ACTION ITEM - Set down, character for character, everything in the records below from the line holding "Yyvonne Boots Thick" down to the line holding "A cozy seamless", and no other line.

AVAILABLE DATA -
- - - - - - -
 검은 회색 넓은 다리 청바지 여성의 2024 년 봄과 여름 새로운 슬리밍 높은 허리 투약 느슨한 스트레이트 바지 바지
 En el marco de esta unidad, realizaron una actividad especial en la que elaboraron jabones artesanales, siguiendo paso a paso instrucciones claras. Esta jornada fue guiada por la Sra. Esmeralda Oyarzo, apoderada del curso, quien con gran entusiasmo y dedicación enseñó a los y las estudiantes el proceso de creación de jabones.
- - - - - - -
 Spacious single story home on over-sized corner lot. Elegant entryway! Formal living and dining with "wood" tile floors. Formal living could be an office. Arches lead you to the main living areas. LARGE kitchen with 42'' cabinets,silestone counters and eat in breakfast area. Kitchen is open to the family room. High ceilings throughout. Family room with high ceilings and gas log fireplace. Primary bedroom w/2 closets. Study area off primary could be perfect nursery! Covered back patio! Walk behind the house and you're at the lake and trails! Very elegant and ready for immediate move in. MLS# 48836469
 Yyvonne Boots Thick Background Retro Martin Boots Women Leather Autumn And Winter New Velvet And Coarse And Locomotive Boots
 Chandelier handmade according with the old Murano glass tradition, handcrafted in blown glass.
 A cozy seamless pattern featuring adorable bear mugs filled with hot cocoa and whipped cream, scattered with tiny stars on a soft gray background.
- - - - - - -
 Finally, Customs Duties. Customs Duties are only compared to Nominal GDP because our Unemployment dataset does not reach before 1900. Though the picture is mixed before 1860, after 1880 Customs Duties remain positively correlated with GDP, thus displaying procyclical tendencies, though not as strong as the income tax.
- - - - - - -
OUTPUT BELOW -
 Yyvonne Boots Thick Background Retro Martin Boots Women Leather Autumn And Winter New Velvet And Coarse And Locomotive Boots
 Chandelier handmade according with the old Murano glass tradition, handcrafted in blown glass.
 A cozy seamless pattern featuring adorable bear mugs filled with hot cocoa and whipped cream, scattered with tiny stars on a soft gray background.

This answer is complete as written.